Is this all just a case of old wine, new bottle, though?
The Great Place to Work Institute, which spans 30 countries and has been in existence for nearly 20 years, has a slightly different approach for different cultures.
"The questionnaire reflects the same values everywhere, although the questions are worded slightly differently for the US market. In Ireland, we ask more direct questions about, for instance, diversity and discrimination.
In the US, even posing a question about certain aspects of discrimination is considered politically incorrect, but other than that, what we find reflects a great place to work in, say Argentine is similar to what is a great place to work in France or in the US or in Ireland.
Great places to work, he says, have an underlying trust that is often overlooked by the plethora of HR practices and shiny booklets and procedural niceties we like to develop to reflect a corporate propriety often redundant apart from making the Corporates full of self belief.
"What trust is built on is credibility - can we believe in the system we work within - does the employer make us believe him or her and does he/she do what he says he'll do?
"Is there a sense of respect for each other from every angle, and finally, do employees believe there is a basic fairness in the system? If we find these three, we can say there is a high level of trust in that company.

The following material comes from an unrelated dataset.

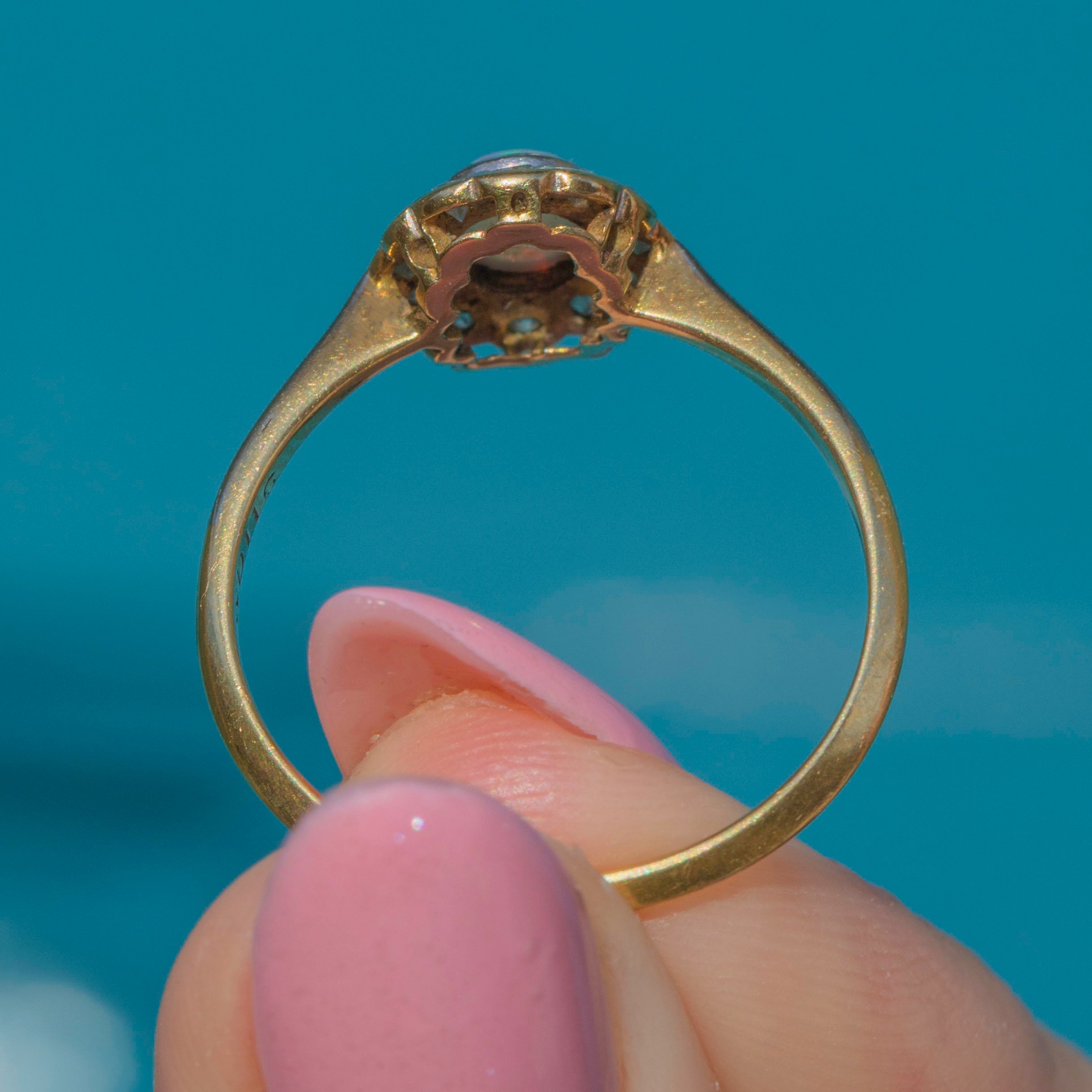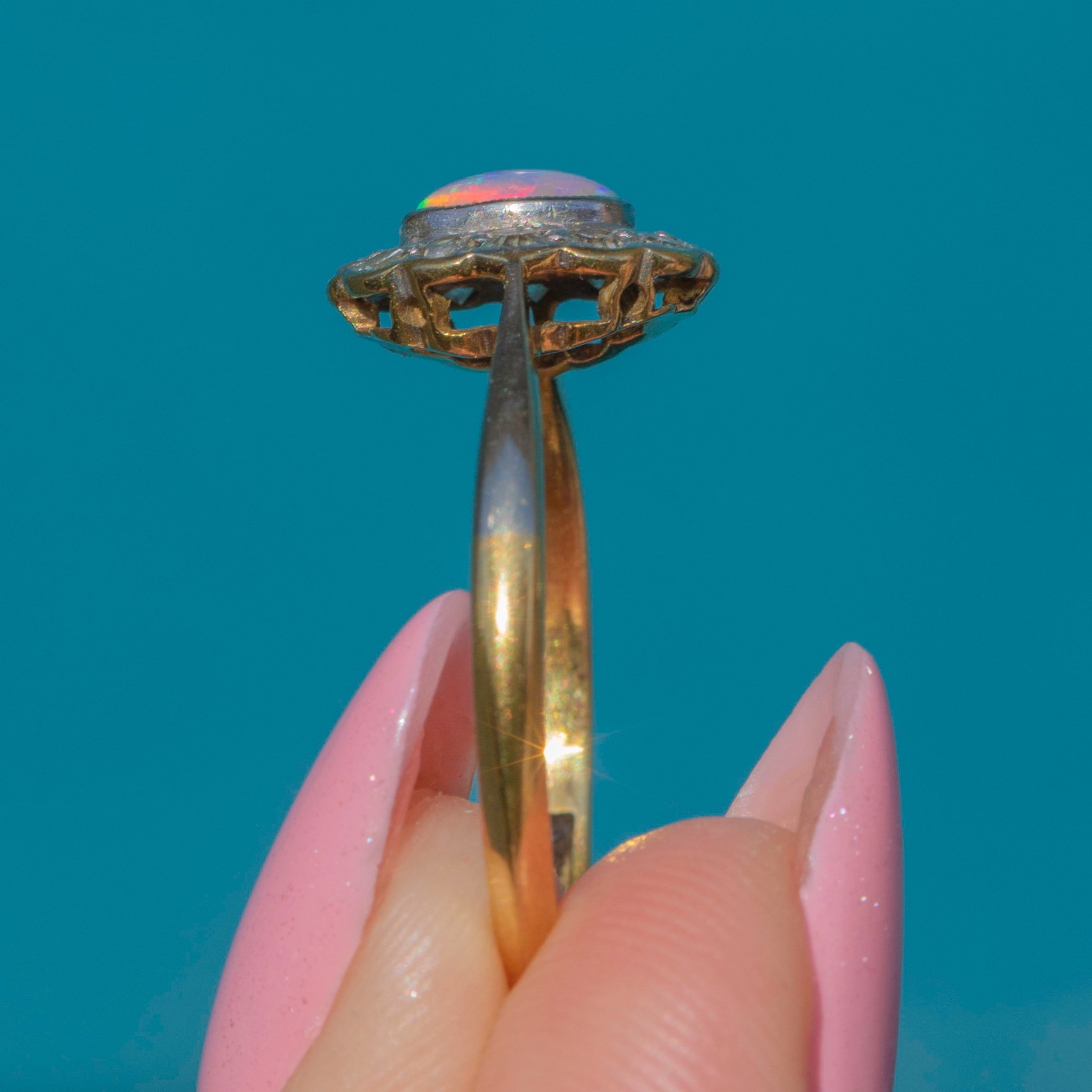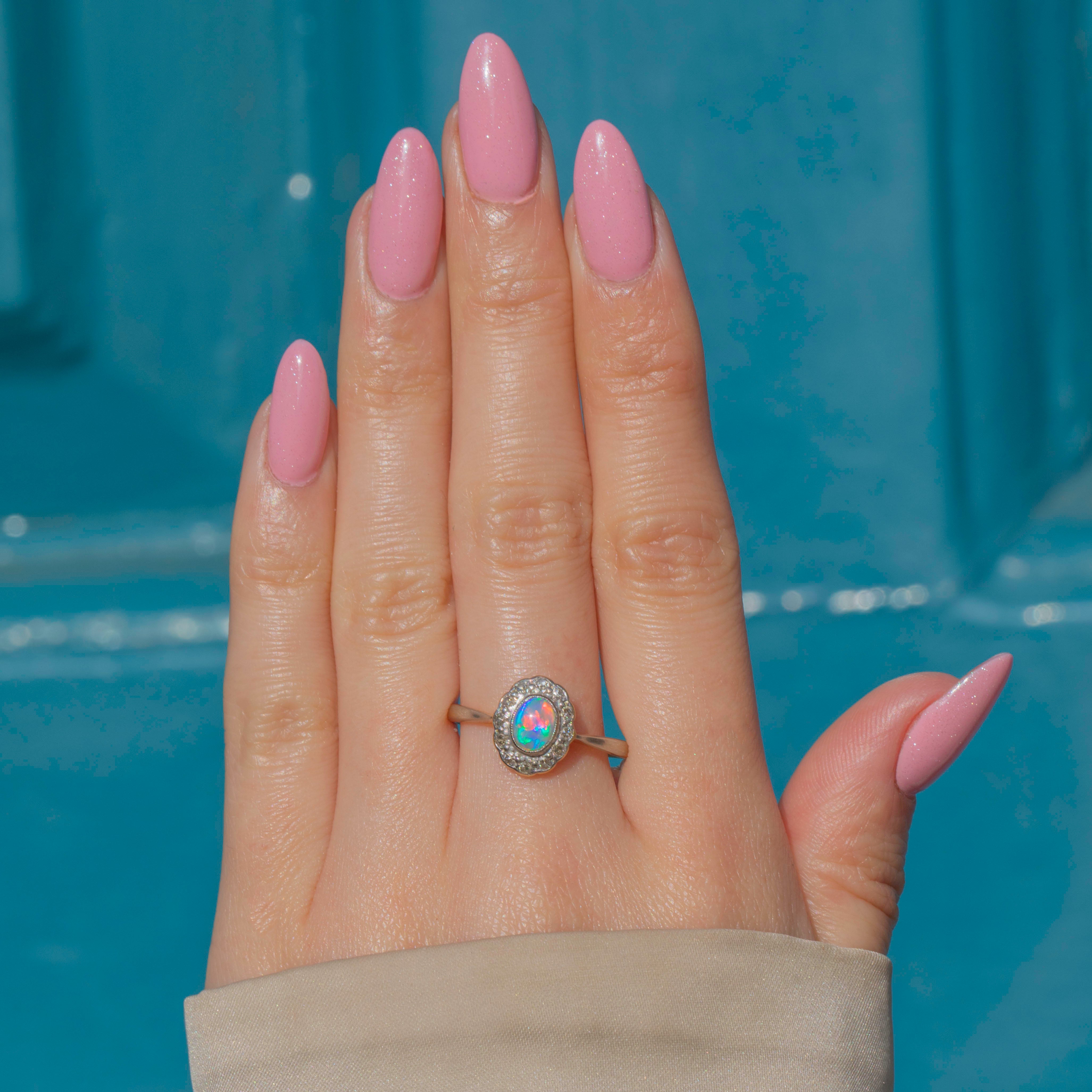 The natural and solid 0.42ct Opal cabochon bursts with vivid pastel pinks and purples, with zingy pops of neon green and yellow coming to life beneath the light. A dazzling halo of dainty Diamonds encircles the central Opal, adding a twinkling accent to this striking Art Deco ring!

"All our data comes from the people who work there, at whatever level they are at, and if they have trust, and added to that a pride in the output and camaraderie with each other, they will be hitting the high points in the Great Place scale."
The Great Place philosophy fits nicely into the underlying one in Stephen Covey's best selling business book, The Speed of Trust, which pinpoints trust as the hidden variable within the slippery formula for organisational success.
Without trust, all the policies remain dead and all the rewards are just bandages, it appears, so for the return to work period looming, the first step in the development of a high trust organisation requires asking ourselves the following and answering honestly:
1)Do people trust me?
2)If so, why?
3)If not, why not?
4)How can I alter my behaviour so that more people at work (and at home) will trust me this year; it can't be faked.
5)Trust isn't about personality; it's about character, effort, consistency and competence and it can be learnt.